**Task instructions**
The whole listing is to be given again without alteration, except that its pictures are dropped.

**Input**
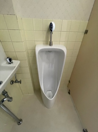 また、小便器も同様に清掃性に優れたフチなし形状で、ボウル面の傾斜により尿はねを軽減するタイプをご提案し、手洗い器については水栓金具の取替をご提案しております。
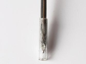 Wickle 5 cm Klebeband um das Ende des Nagels, damit du dich an der scharfen Spitze nicht verletzen kannst.
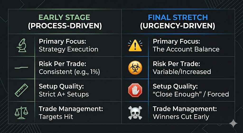 - The final stretch of a trading evaluation is a psychological trap. Proximity to a reward triggers urgency, and urgency leads to rule-breaking.
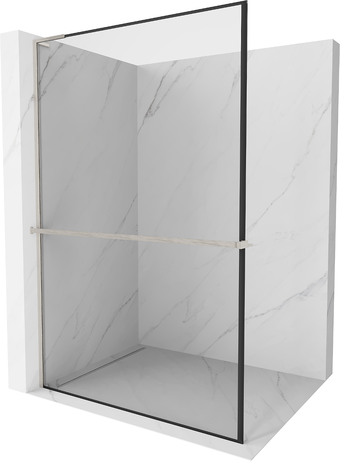 Mexen Kioto+ L Shower Screen with Shelf Walk-in 100 x 200 cm, Black Frame, Brushed Nickel - 800-100-123-97-70
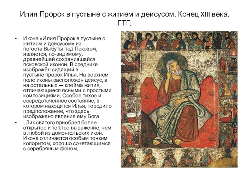 Слайд 14Илия Пророк в пустыне с житием и деисусом. Конец XIII
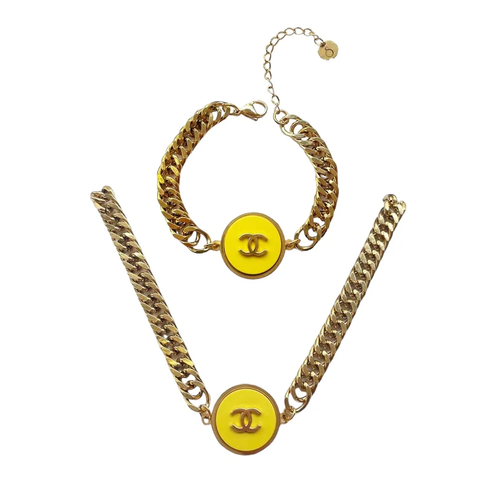 Informations Couleurs : Doré – Jaune Matières : Résine – Acier inoxydable – Métal Taille : Collier : 36cm + 5cm de rallonge / Bracelet : 13cm + 5cm de rallonge Photo retouchée Toutes nos créations proposées sur notre boutique en ligne sont réalisées à la main dans notre Atelier. Ainsi lorsque vous achetez sur notre site internet, vous achetez une création Second Souffle et non un produit de la marque dont la pièce upcyclée provient. Nous ne sommes pas affiliées à ces marques.
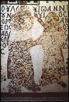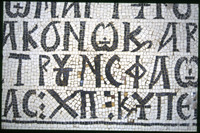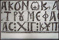 Umm al-Rasas - Detail of Greek inscription in mosaic in Church of St. Stephen
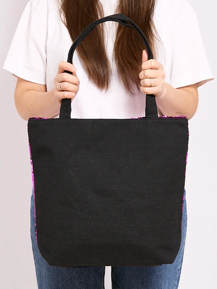 - Дуже просторна жіноча сумка, виготовлена з матеріалу, оздобленого паєтками. Модель застібається на блискавку і має 1 великий відділ та 2 ручки. Ідеальний вибір для щоденного використання або пляжу!
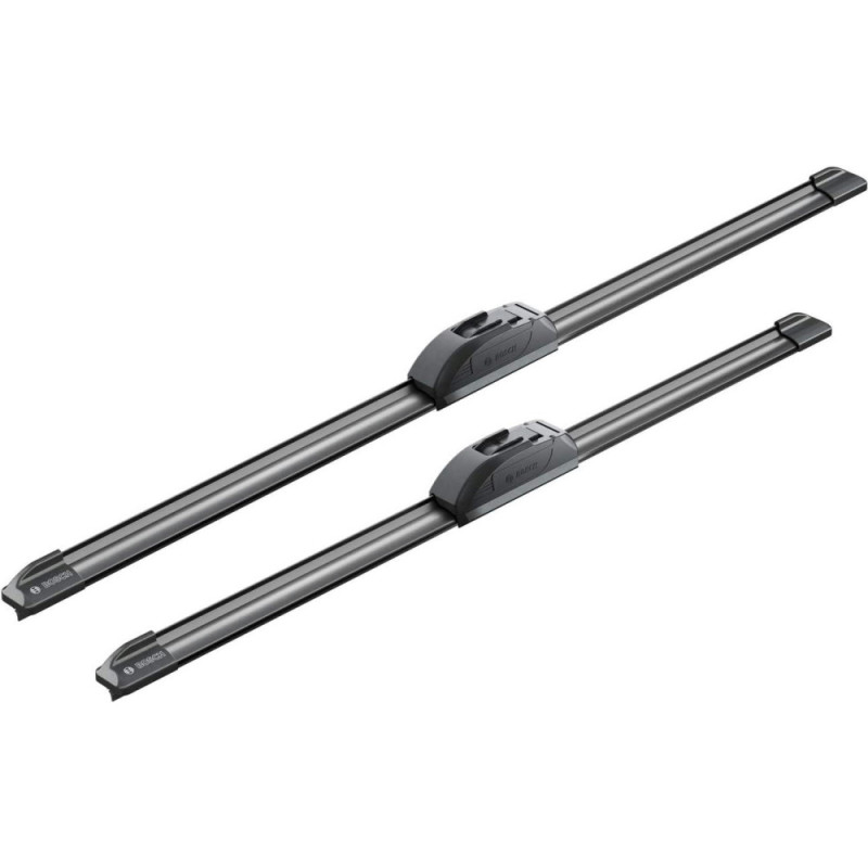 The Bosch Aerotwin frameless windshield wiper set 550/475 mm (3 397 118 904) is an asymmetric RETROFIT premium kit for the windshield. The model features a modern frameless design with a spoiler for stable pressure and effective aerodynamics. The set is designed for left-hand drive vehicles.
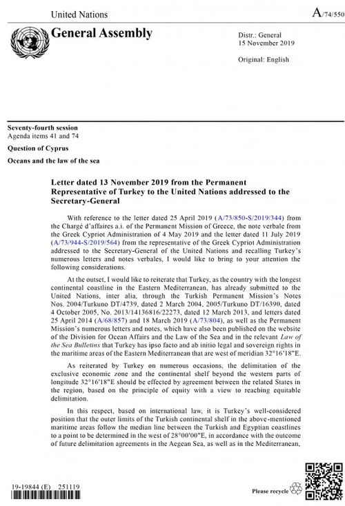 Η Τουρκία με εκτενή επιστολή της στον ΟΗΕ, με ημερομηνία 13 Νοεμβρίου 2019, προβάλλει τις πάγιες θέσεις της για το ζήτημα της οριοθέτησης ΑΟΖ και υφαλοκρηπίδας, ισχυριζόμενη ότι διαθέτει θαλάσσια σύνορα στην Ανατολική Μεσόγειο με την Αίγυπτο, παραβλέποντας τα δικαιώματα της Κυπριακής Δημοκρατίας, την οποία δεν αναγνωρίζει.
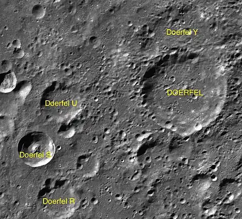 Por convención estos elementos son identificados en los mapas lunares poniendo la letra en el lado del punto medio del cráter que está más cerca de Doerfel.
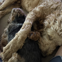 I’m what you might call a lover, not a fighter. I loooove cuddles, snuggles, and being close to my humans. I haven’t had a single accident in the house (house-trained pro over here!) and I adore toys, mealtimes, and romping around with the other doodles at my foster home. Fetch is one of my favorite games, and honestly? I don’t think there’s anything I don’t like. I’m just a happy, tail-wagging kinda guy.
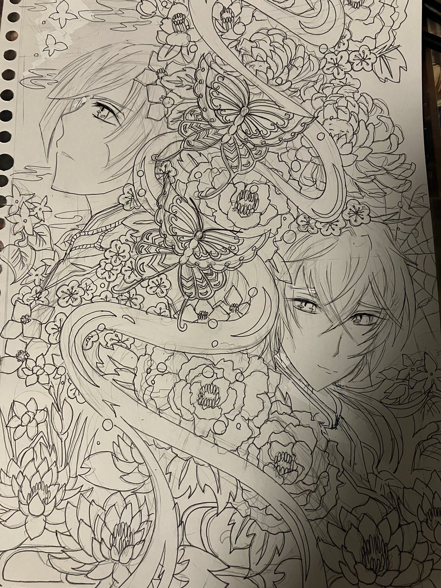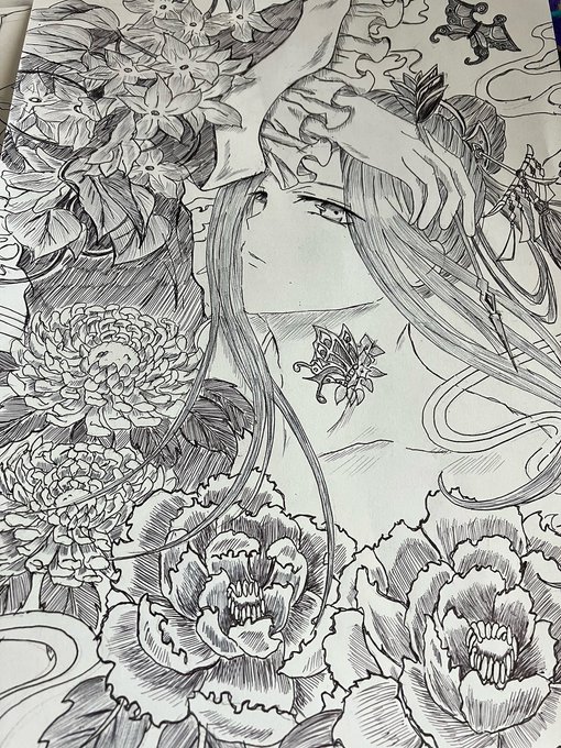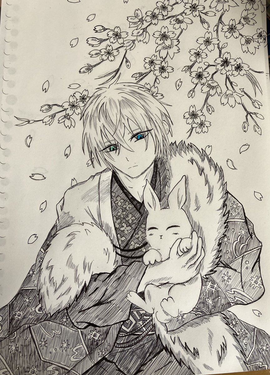 前に描いた茜花兄さん🌸 花描いてるうちに頭おかしくなるかと思ったわwwどこをどう塗るかで脳内パニック😵💫🧠 シリーズで1番好きなキャラかもしれぬ(๑♡∀♡๑) #お絵描き好きさんと繋がりたい #アナログイラスト #夜来香の柩
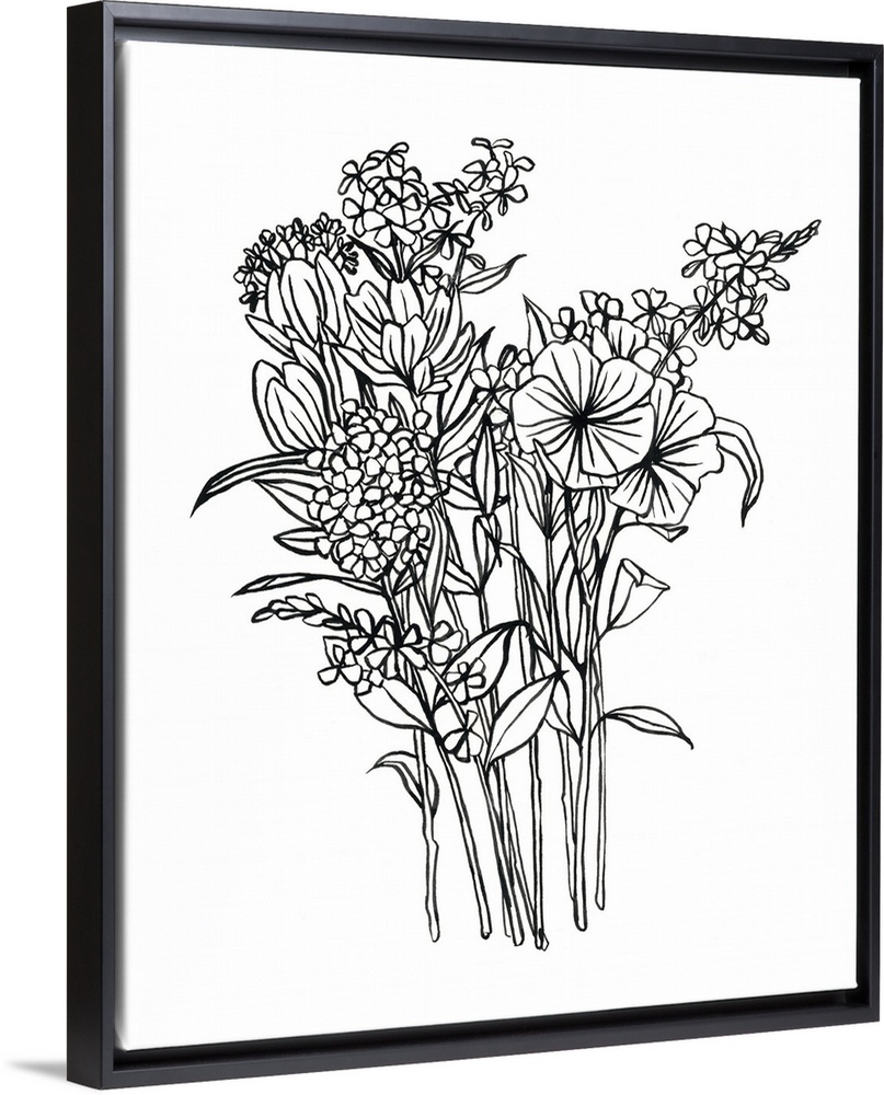 <p>Contemporary painting of a floral bouquet outlined in black on a white background.</p>
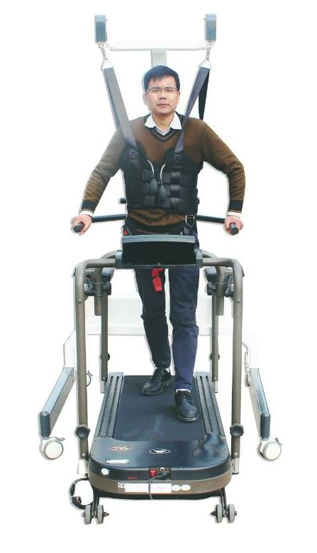 - Подвес оснащен электроприводом для разгрузки веса пациента. С его помощью на ноги и позвоночник тренирующегося можно снизить или полностью избавить от тяжести собственного веса.

**The answer**
 また、小便器も同様に清掃性に優れたフチなし形状で、ボウル面の傾斜により尿はねを軽減するタイプをご提案し、手洗い器については水栓金具の取替をご提案しております。
 Wickle 5 cm Klebeband um das Ende des Nagels, damit du dich an der scharfen Spitze nicht verletzen kannst.
 - The final stretch of a trading evaluation is a psychological trap. Proximity to a reward triggers urgency, and urgency leads to rule-breaking.
 Mexen Kioto+ L Shower Screen with Shelf Walk-in 100 x 200 cm, Black Frame, Brushed Nickel - 800-100-123-97-70
 Слайд 14Илия Пророк в пустыне с житием и деисусом. Конец XIII
 Informations Couleurs : Doré – Jaune Matières : Résine – Acier inoxydable – Métal Taille : Collier : 36cm + 5cm de rallonge / Bracelet : 13cm + 5cm de rallonge Photo retouchée Toutes nos créations proposées sur notre boutique en ligne sont réalisées à la main dans notre Atelier. Ainsi lorsque vous achetez sur notre site internet, vous achetez une création Second Souffle et non un produit de la marque dont la pièce upcyclée provient. Nous ne sommes pas affiliées à ces marques.
 Umm al-Rasas - Detail of Greek inscription in mosaic in Church of St. Stephen
 - Дуже просторна жіноча сумка, виготовлена з матеріалу, оздобленого паєтками. Модель застібається на блискавку і має 1 великий відділ та 2 ручки. Ідеальний вибір для щоденного використання або пляжу!
 The Bosch Aerotwin frameless windshield wiper set 550/475 mm (3 397 118 904) is an asymmetric RETROFIT premium kit for the windshield. The model features a modern frameless design with a spoiler for stable pressure and effective aerodynamics. The set is designed for left-hand drive vehicles.
 Η Τουρκία με εκτενή επιστολή της στον ΟΗΕ, με ημερομηνία 13 Νοεμβρίου 2019, προβάλλει τις πάγιες θέσεις της για το ζήτημα της οριοθέτησης ΑΟΖ και υφαλοκρηπίδας, ισχυριζόμενη ότι διαθέτει θαλάσσια σύνορα στην Ανατολική Μεσόγειο με την Αίγυπτο, παραβλέποντας τα δικαιώματα της Κυπριακής Δημοκρατίας, την οποία δεν αναγνωρίζει.
 Por convención estos elementos son identificados en los mapas lunares poniendo la letra en el lado del punto medio del cráter que está más cerca de Doerfel.
 I’m what you might call a lover, not a fighter. I loooove cuddles, snuggles, and being close to my humans. I haven’t had a single accident in the house (house-trained pro over here!) and I adore toys, mealtimes, and romping around with the other doodles at my foster home. Fetch is one of my favorite games, and honestly? I don’t think there’s anything I don’t like. I’m just a happy, tail-wagging kinda guy.
 前に描いた茜花兄さん🌸 花描いてるうちに頭おかしくなるかと思ったわwwどこをどう塗るかで脳内パニック😵💫🧠 シリーズで1番好きなキャラかもしれぬ(๑♡∀♡๑) #お絵描き好きさんと繋がりたい #アナログイラスト #夜来香の柩
 <p>Contemporary painting of a floral bouquet outlined in black on a white background.</p>
 - Подвес оснащен электроприводом для разгрузки веса пациента. С его помощью на ноги и позвоночник тренирующегося можно снизить или полностью избавить от тяжести собственного веса.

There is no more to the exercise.